▶ [PROMPT]:
Set the data below down again, exactly, with every picture left out.

▶ [DATA BLOCK]:
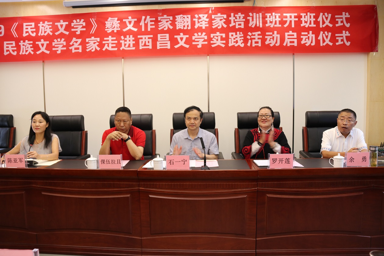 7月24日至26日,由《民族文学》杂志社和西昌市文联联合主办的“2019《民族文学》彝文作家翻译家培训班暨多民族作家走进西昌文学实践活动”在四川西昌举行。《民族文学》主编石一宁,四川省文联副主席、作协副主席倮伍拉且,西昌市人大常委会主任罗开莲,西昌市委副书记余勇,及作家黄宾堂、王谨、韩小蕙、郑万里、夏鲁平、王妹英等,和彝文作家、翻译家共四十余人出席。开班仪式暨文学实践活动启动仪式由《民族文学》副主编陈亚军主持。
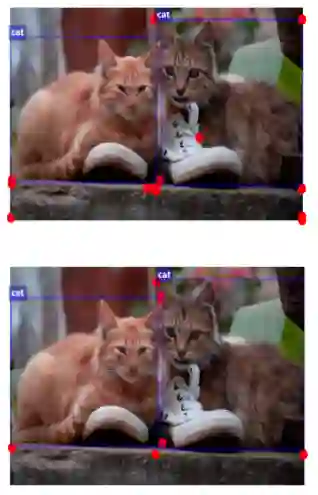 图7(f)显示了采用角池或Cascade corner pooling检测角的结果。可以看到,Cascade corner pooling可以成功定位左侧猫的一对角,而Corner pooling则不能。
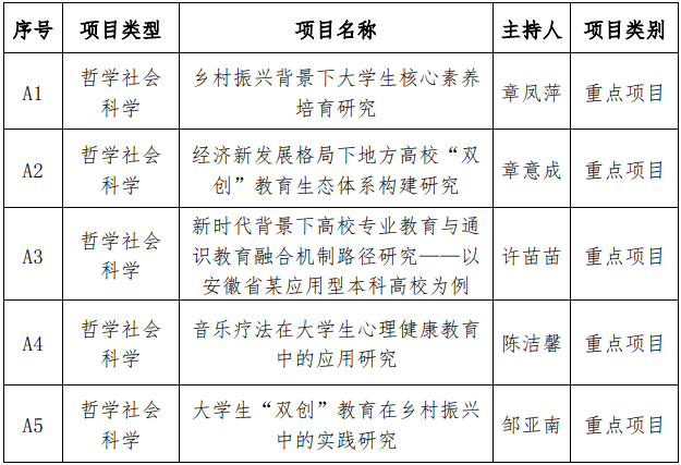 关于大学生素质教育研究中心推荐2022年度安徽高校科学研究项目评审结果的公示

▶ [ANSWER SPACE]:
 7月24日至26日,由《民族文学》杂志社和西昌市文联联合主办的“2019《民族文学》彝文作家翻译家培训班暨多民族作家走进西昌文学实践活动”在四川西昌举行。《民族文学》主编石一宁,四川省文联副主席、作协副主席倮伍拉且,西昌市人大常委会主任罗开莲,西昌市委副书记余勇,及作家黄宾堂、王谨、韩小蕙、郑万里、夏鲁平、王妹英等,和彝文作家、翻译家共四十余人出席。开班仪式暨文学实践活动启动仪式由《民族文学》副主编陈亚军主持。
 图7(f)显示了采用角池或Cascade corner pooling检测角的结果。可以看到,Cascade corner pooling可以成功定位左侧猫的一对角,而Corner pooling则不能。
 关于大学生素质教育研究中心推荐2022年度安徽高校科学研究项目评审结果的公示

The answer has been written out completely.